From the Journal of Faris Khan
On Vampire High Society, and the Cost of Attendance
Vampire high society is not decadent in the way humans imagine. It is precise. Controlled. Exhaustingly intentional. Every gathering exists to confirm hierarchy, not to enjoy it. Pleasure is permitted only when it reinforces order. Excess is tolerated only when it proves immunity to consequence.
I have attended enough of these events to understand their true function: they are audits of relevance.
Remi moves through them like a blade wrapped in silk. He does not flatter, does not perform. He is tolerated because he is old, dangerous, and inconvenient to erase cleanly. Purebloods watch him with the kind of respect reserved for storms—something you acknowledge but do not invite indoors. He speaks little, drinks less, and leaves early. That alone unsettles them.
The Crimson Dirigible Salon was the first. A floating reception held above the lower wards, where chandeliers sway with the ship’s motion and conversations drift just slightly out of sync with gravity. The music was slow, deliberate—composed to elongate time. Remi stood with his back to the rail, eyes on the city below, while noble vampires debated whether humanity had reached “acceptable sustainability.” One asked Remi if swords still mattered in an age of engines.
He replied, calmly, “Only when people lie.”
The questioner did not pursue the matter.
Another evening was the Gala of Arrested Dawn, held near the Reliquary that officially does not exist. Attendance there is an act of loyalty. The walls were dressed in silverless white, aggressively clean, as if denial itself were a design choice. I noticed Remi tense—not at the relics, but at how casually they were discussed. Objects with souls reduced to curiosities. I quoted softly, “Do not walk upon the earth arrogantly” (Qur’an 17:37). A nearby countess laughed, assuming it was a proverb about humility. It was not meant for her.

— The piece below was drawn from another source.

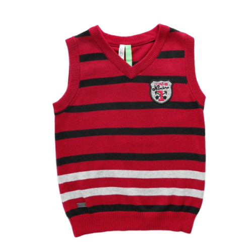 Стильная и модная жилетка Nano красного цвета в темную и светлую полоску. Впереди вышивка-логотип компании.

Remi and I left before the final toast.
The most instructive event, however, included Dracula himself.
It was not a gala. It was a private colloquy, held in a restored opera chamber beneath the Imperial Ward. No music. No spectacle. Only seating arranged to force eye contact. Dracula presided without a throne, standing among them like a host who does not need furniture to be obeyed.
The topic was reform. The Crescendo had been mentioned. Carefully.
Dracula listened. He always does. When he spoke, it was not to argue but to reframe. He praised restraint, mocked nostalgia, and spoke of cruelty as an inefficiency problem rather than a moral one. The room adjusted itself around his tone. Agreement followed without being demanded.
At one point, he turned to Remi and asked, almost kindly, whether honor could survive eternity.
Remi answered, “Only if it is allowed to end things.”
Dracula smiled. Not offended. Amused. He looked at me next, eyes sharp with curiosity rather than threat. “And you,” he said. “You still believe meaning survives pressure.”
I answered, “Pressure reveals meaning. It does not create it.”
The room went quiet—not because they disagreed, but because the statement could not be easily repurposed.
We were dismissed shortly after. That is how power works here. Not through expulsion, but through the removal of usefulness.
Walking out with Remi, I understood why these gatherings endure. They are not celebrations. They are maintenance rituals. They reassure the Night that it is still admired.
Remi despises them because they mistake stillness for stability. I endure them because understanding your enemy requires watching what they do when they believe themselves safe.
High society under the Forever Night is immaculate, bloodless, and deeply afraid of anything that does not need permission to exist.
That is why men like Remi are invited.
That is why men like me are tolerated.
And that is why Dracula never misses an opportunity to watch us both.